CAR Online has captured on video the long-delayed Noble M15. In its first test, the matt black mule sported a longitudinally mounted Volvo twin turbo V8 and was driven at very high speed on track by Lee Noble. The company MD revealed the car was currently producing 480bhp with another 150bhp to come, catapulting the rear-wheel drive Brit beyond Ferrari’s 430 Scuderia and the Porsche GT2 and into Lamborghini Murcielago territory. The price? Under £100k.
Noble first started work on the M15 in November 2004 and suggested deliveries would start in December 2006 when CAR went for an exclusive first ride in March 2006. The car was then delayed as Noble sought a financial backer to help bring it to market. Now, with the money in place, the project looks set to make production.
However, Lee Noble commented that this latest prototype was in effect ‘an entirely new car’. Indeed, the original V6 is long gone and the styling – though still unmistakably an M15 – is substantially altered. The body is more curvaceous, the front wings tapering more gently into the doors and the waist rising over the rear wheels before falling again at the tail – where the previous show car rose in one straight, abrupt line.
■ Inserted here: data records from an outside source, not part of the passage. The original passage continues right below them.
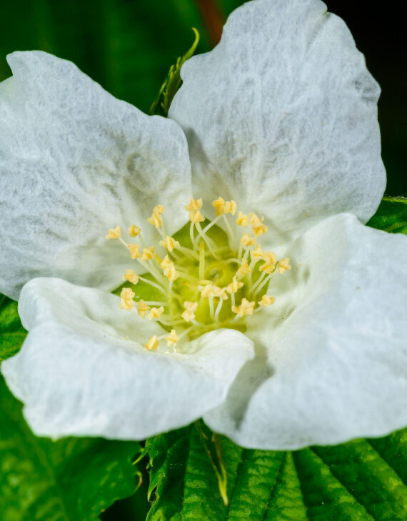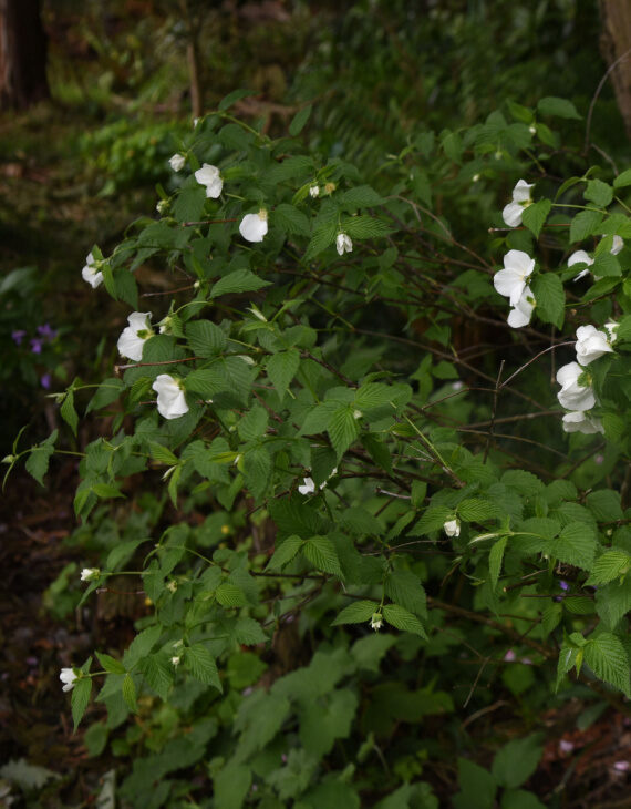 Le Rhodotypos scandens, aussi appelé Rhodotypos blanc, est un arbuste caduc ornemental apprécié pour son feuillage dense, sa floraison délicate et ses fruits décoratifs. Il atteint 1,5 à 2 mètres de hauteur et s’étale sur environ 1,5 mètre, formant un buisson harmonieux. Au printemps et en début d’été, il se couvre de fleurs blanches à quatre pétales, semblables à celles des églantiers, qui contrastent avec son feuillage vert vif.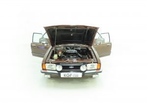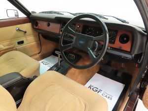 Originally supplied with the 2.0 Pinto engine, Superspeed Conversions Ltd undertook the conversion from new with a 3.0 ‘Essex’ V6 unit developing 138bhp to achieve a quoted top speed of 120mph while 0-60mph is claimed at 8 seconds! The engine bay is beautifully clean and original with all factory fitted plates and labels as well as the Superspeed stickers and correct chromed rocker covers and air filter cover. The factory optional automatic gearbox is uprated by Superspeed and a full stainless steel exhaust system is supplied and fitted by P D Gough in 1994 at a cost of £500 to mirror the original precisely. The performance and sound of the car is simply awesome, a real wolf in sheep’s clothing!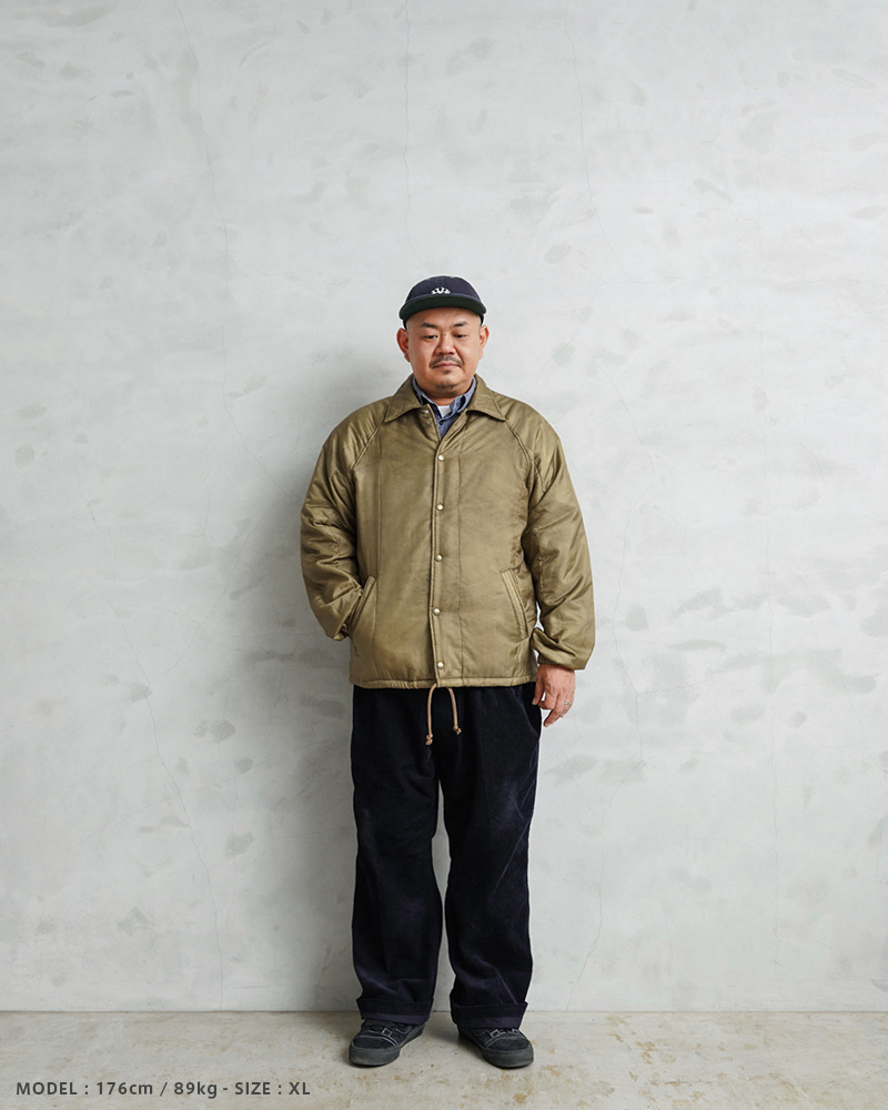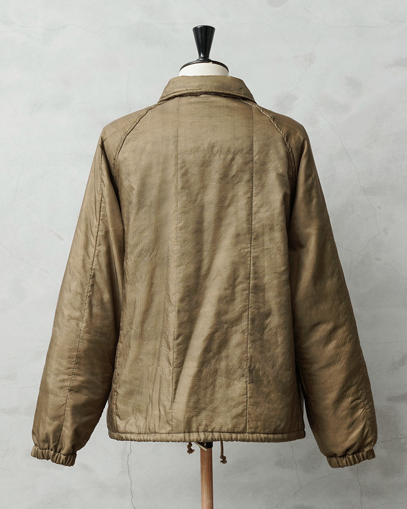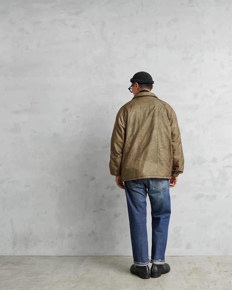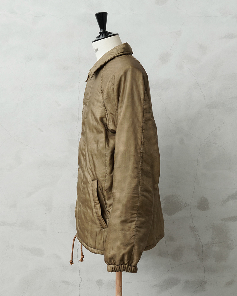 アウターとしてはもちろん、真冬にはヘビーアウターの下に着れば保温性を高めるライナーとしても活躍します。実物品をコーチジャケットへとリメイクした、他では手に入らないコーデの幅を広げてくれるアイテムです。

The rear has also evolved. Where the wing once followed the line of the rear lights and the bodywork fell away beneath it, the new item now stands proud and features LED brake lights on either side. Less noticeably, the rear bodywork now tapers in from the bottom to the top where the original show car did the reverse.
Further details remain scant, but we can confirm an AP Racing clutch and cross-drilled brakes, 20in rear wheels (far larger than the fronts on the mule we saw), a Graziano gearbox and a kerbweight of 1100kg. Expect the 0-60mph dash to be dispatched in little over 3secs and a top speed north of 190mph if the extra 150bhp is indeed unleashed.
The interior of this mule was a mess of wires and ventilation ducting, but we did notice a three-spoke suede-rimmed steering wheel and a low-slung bucket seat combined with a high centre console to create a sense of being ensconced in the car.
Noble described the car as ‘almost finished’ but added that ‘we want to do lots more testing to make sure it doesn’t come back and bite us’. How does it drive? ‘It’s as nimble and perhaps even more so than the M12. You can hold it in a drift far easier than other mid-engined cars, so you can charge into a corner far too fast and throw it in knowing you’ll be able to sort it out.’ Deliveries starting late next year are a distinct possibility.